AKB § 7 I Abs. 2; VVG § 6 Abs. 3 a.F. = VVG § 28 Abs. 3 S. 1 n.F.

Zum Kausalitätsgegenbeweis bei der Verletzung der Obliegenheit, dem Kasko-Versicherer den Versicherungsfall innerhalb einer Woche schriftlich anzuzeigen.

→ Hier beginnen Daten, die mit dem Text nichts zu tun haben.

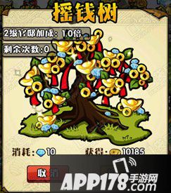摇钱树,在游戏界面上方,体力按钮的右边有个金币按钮,点击后出现摇钱树,点击摇一摇,消耗钻石以摇出金币。根据VIP等级来划分每天摇钱次数。

OLG Karlsruhe, Urt. v. 18.2.2010 – 12 U 175/09

Die Klägerin macht Ansprüche aus einer Kfz-Kaskoversicherung geltend. Sie war Halterin und Eigentümerin des Kraftfahrzeugs M. Dieses Fahrzeug wurde bei einem Vorfall beschädigt, der sich am 16.2.2004 ereignet hat und dessen Einzelheiten zwischen den Parteien streitig sind. Das Fahrzeug der Klägerin war im Bereich auf einem rechts neben der Fahrbahn befindlichen Parkstreifen abgestellt. An dem Vorfall war der Streithelfer der Klägerin mit dem von ihm geführten Lkw beteiligt, den der Streithelfer zuvor bei der E-Autovermietung angemietet hatte. Der Streithelfer der Klägerin beschädigte deren Fahrzeug der Klägerin auf der rechten Seite, wobei die Art und Weise, wie es zu den Beschädigungen des klägerischen Fahrzeugs gekommen ist, und ob es sich um einen Unfall handelt, zwischen den Parteien streitig ist.

Die Klägerin hat den Schaden an ihrem Fahrzeug zunächst bei der Streithelferin der Beklagten, der Haftpflichtversicherung für den Lkw, geltend gemacht. Diese hat nach Einholung eines Sachverständigengutachtens die Schadensregulierung abgelehnt. Das Fahrzeug wurde von der Klägerin im Juli 2004 in unrepariertem Zustand veräußert. Im Dezember 2005 wandte sich die Klägerin erstmals an die Beklagte und bat um Regulierung des Schadens.

Aus den Gründen:

… Die Beklagte ist gem. § 7 I Abs. 2 S. 1 AKB i.V.m. § 6 Abs. 3 VVG a.F. wegen Obliegenheitsverletzung durch die Klägerin leistungsfrei.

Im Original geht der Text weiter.